The script creates 16 tables and additional objects like procedures and sequences. In this exercise, I’m only interested in replicating these 16 tables. However, four tables in this set don’t have primary keys. I want to replicate all the changes happening on these tables. In order to replicate the UPDATE and DELETE operations along with INSERT operations, the tables must have a primary key.

Use the following statements to create the primary key for those tables:

ALTER TABLE dms_sample.sport_team
ADD CONSTRAINT sport_team_pk
PRIMARY KEY (sport_type_name, sport_league_short_name, name);

ALTER TABLE dms_sample.mlb_data
ADD CONSTRAINT mlb_id_pk
PRIMARY KEY (mlb_id);

ALTER TABLE dms_sample.nfl_data
ADD CONSTRAINT nfl_data_position_pk
PRIMARY KEY (position, name, team);

ALTER TABLE dms_sample.nfl_stadium_data
ADD CONSTRAINT nfl_stadium_data_sport_location_id_pk
PRIMARY KEY (sport_location_id, team);

ALTER TABLE dms_sample.seat add
seat_id SERIAL PRIMARY KEY;

Step 6: Create the replication set

Now that we have the tables in the source database, we create the replication set and add a schema or tables to the replication set.

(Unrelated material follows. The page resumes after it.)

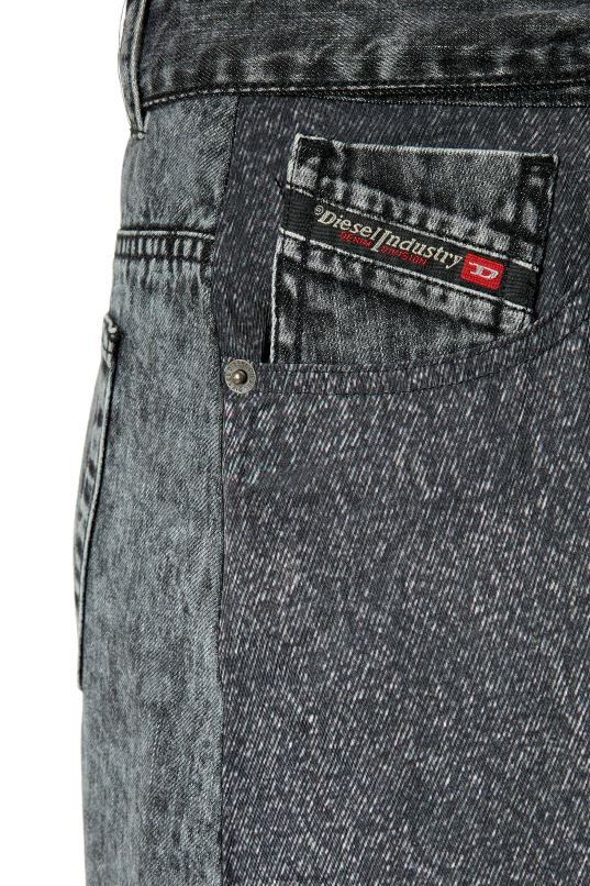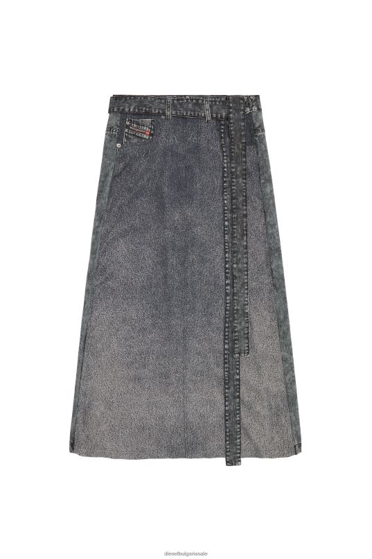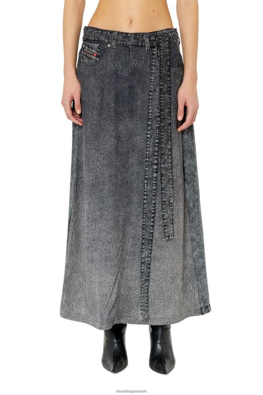 дълга стандартна пола, изрязана от кепър, изпреден с вискозни влакна ecovero, дигитално отпечатан за дънков ефект trompe l'oeil в сиво изпиране. стилизиран с дънкова лента на талията и странични връзки, той включва емблематичния детайл на петия джобен флаг на Diesel.

A replication set is a collection of tables to be replicated. We have three predefined replication sets: default, default_insert_only, and ddl_sql. The default replication set is defined to replicate all changes to tables in. In this section, we show how to replicate all the DML changes with the default replication set.

You can create the replication set with the following command running on the source database:

select pglogical.create_replication_set(‘default’);

Next, we add the tables to the replication set default, which means these tables replicate all the DML changes. You can add individual tables or all the tables in a schema to the replication set. To add an entire schema, run the following command. You can modify the schema name to a schema that has tables to be replicated. If you have multiple schemas to replicate, you can repeat this statement for each schema.

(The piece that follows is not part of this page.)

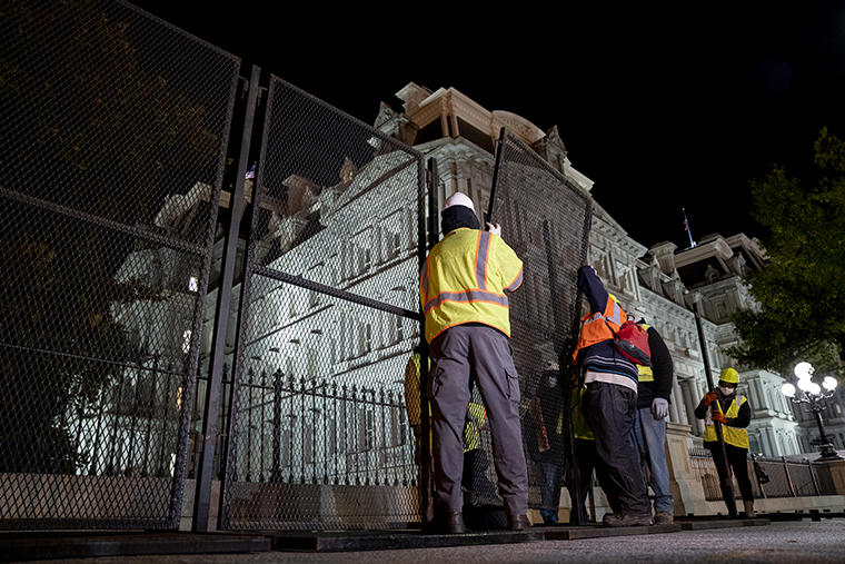 Hàng rào bao quanh Nhà Trắng được dựng lên trong đêm. Các nhà chức trách cho biết hiện tại không có mối đe dọa nào đáng kể, nhưng họ muốn đề phòng mọi trường hợp xấu hơn có thể xảy ra vào tối nay hoặc trong những ngày tới, CNN đưa tin.

We add all the tables under the schema dms_sample to the replication set default:

SELECT pglogical.replication_set_add_all_tables(‘default’, ARRAY[‘dms_sample’]);

If you have a use case where you can’t add a primary key or unique key constraint to the table, you can use the REPLICA IDENTITY feature, which replicates the INSERT only changes. You need to create a replication set of default_insert_only type and add the tables without primary keys to this replication set.

To replicate INSERT only operations on a table using REPLICA IDENTITY, enable REPLICA IDENTITY at the table level:

alter table public.pgbench_history REPLICA IDENTITY FULL;

Add the table to a default_insert_only type replication set:

SELECT pglogical.replication_set_add_table(‘default_insert_only’, ‘public.pgbench_history’);

The following screenshot shows an example of adding an INSERT ONLY table to a replication set.

Step 7: Prepare the target node for replication

In this step, we connect to the target (subscriber database) with the Amazon RDS admin account.

On the Amazon RDS console, choose Parameter groups in the navigation pane.
Create a new parameter group.
Modify the parameter group the same way that you did with the source database.

To make these changes in the AWS CLI, use the following code:

## set rds.logical_replication=1 to achieve wal_level=’logical’.
wal_level = ‘logical’
max_replication_slots = 10
max_worker_processes = 10
max_wal_senders = 15

Assign the parameter group to the source database.

You can verity the parameter changes on the Amazon RDS console. The following screenshot shows that rds.logical_replication=1 is set.

The database requires a reboot for the parameter group changes to take effect.

Because the target database is not in production use, you can reboot immediately using the Amazon RDS console or the AWS CLI:

aws rds reboot-db-instance –db-instance-identifier <<db_inst_id>>

After the database is rebooted, the parameter group status changes to (in-sync) and reflects the latest changes.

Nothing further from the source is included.